I don’t know how I have become so jaded without having a single horse in the race, but it happened. Maybe part of it is interacting with famous people at my job, seeing them pick through produce and forget their grocery lists, realizing they’re just people. A little definitely has to do with some of my friends getting more famous and hearing the stress they’re under all the time, while also always trying to balance it with presentness and gratitude. Attending some bigger concerts last month, I found myself spending a portion of each show wondering if they were happy. If it still feels good. If the feeling up there is worth all the bullshit along the way. Or if it’s just a job. Is it all just staring at the phones pointed your way?
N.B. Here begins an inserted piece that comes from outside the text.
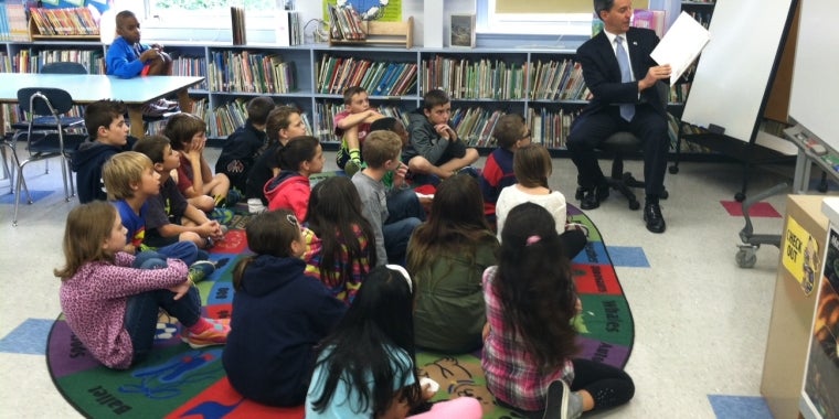 Senator Jack M. Martins (R-7th Senate District) recently served as a guest reader to fourth grade students at Floral Park-Bellerose Elementary School. Senator Martins read “The Retired Kid” by Jon Agee to the students as part of the school’s Parents as Reading Partners (PARP) week.
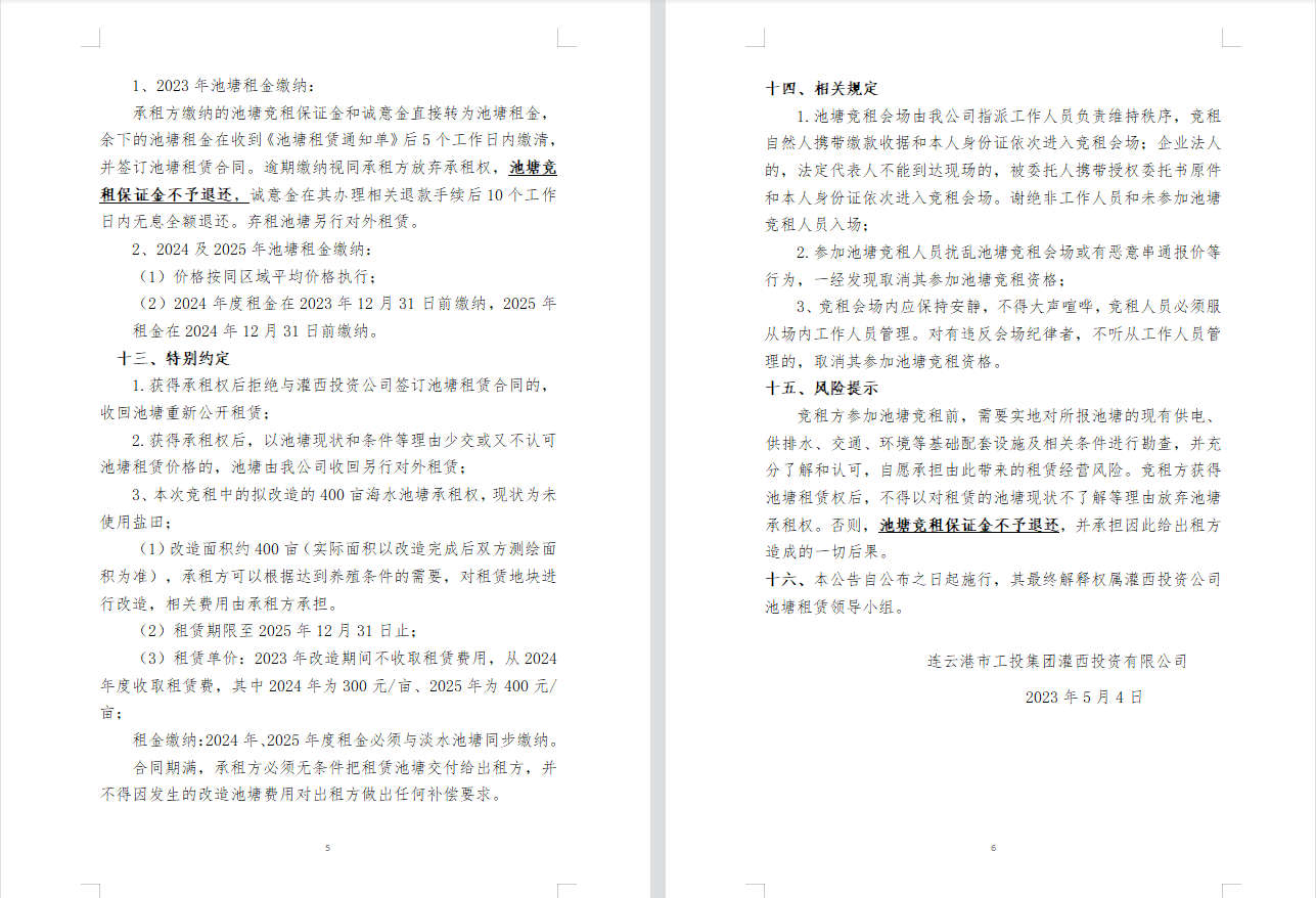 連云港市工投集團灌西投資公司2023年度淡水養(yǎng)殖池塘公開競租公告

November was all about reaching some equilibrium on this front. I saw less shows this month, but each one packed a heavy punch. I saw some smaller artists, some musicians at different points of their fame and recognition, and I was reminded that, this isn’t just a bad thing. It’s also a dream come true. It’s being able to do the thing you love and touch people all over the world and make a living that way. I saw so much gratitude amongst the chaos this month and it felt really reinvigorating. Life affirming. Dream reminding.
I’ll cut the shit, here is last month’s gig report:
Jim Legxacy 11.12
The Venue: S.O.B (my first time!)
The Team: Me and Ben
The Scene: Okay so lots of men yet again, but, unlike my boy-heavy shows last month (Bladee, Yung Lean, Autechere) this show was almost entirely men of color. Might I add, the highest presence of South Asian men I have ever seen at a show. Most of the girls I saw there were there with boyfriends or had come alone…didn’t see any groups of girls or duos. What does one do with these observations? Anyone got a read on why South Asian men love rapping along to Jim Legxacy in a group of their boys but a gaggle of girls didn’t feel the same way? Let me know, I’ll keep thinking too. Uniform was Bloke Core. Lots of jerseys and football scarves. Proper football, not American. Footy shoes. The Premier League fans were out to play. Okay all the Crystal Palace jerseys! Everyone seemed really excited to be there and even before anyone came on it felt like everyone was just chatting and shooting the shit and not checking their phones apart to guess when he’d come on. The venue was wonderfully small and intimate, a great break from October’s lineup.
The Smell: Tom Ford Cologne. Backwoods. Wintergreen Zyn. Tonic wine.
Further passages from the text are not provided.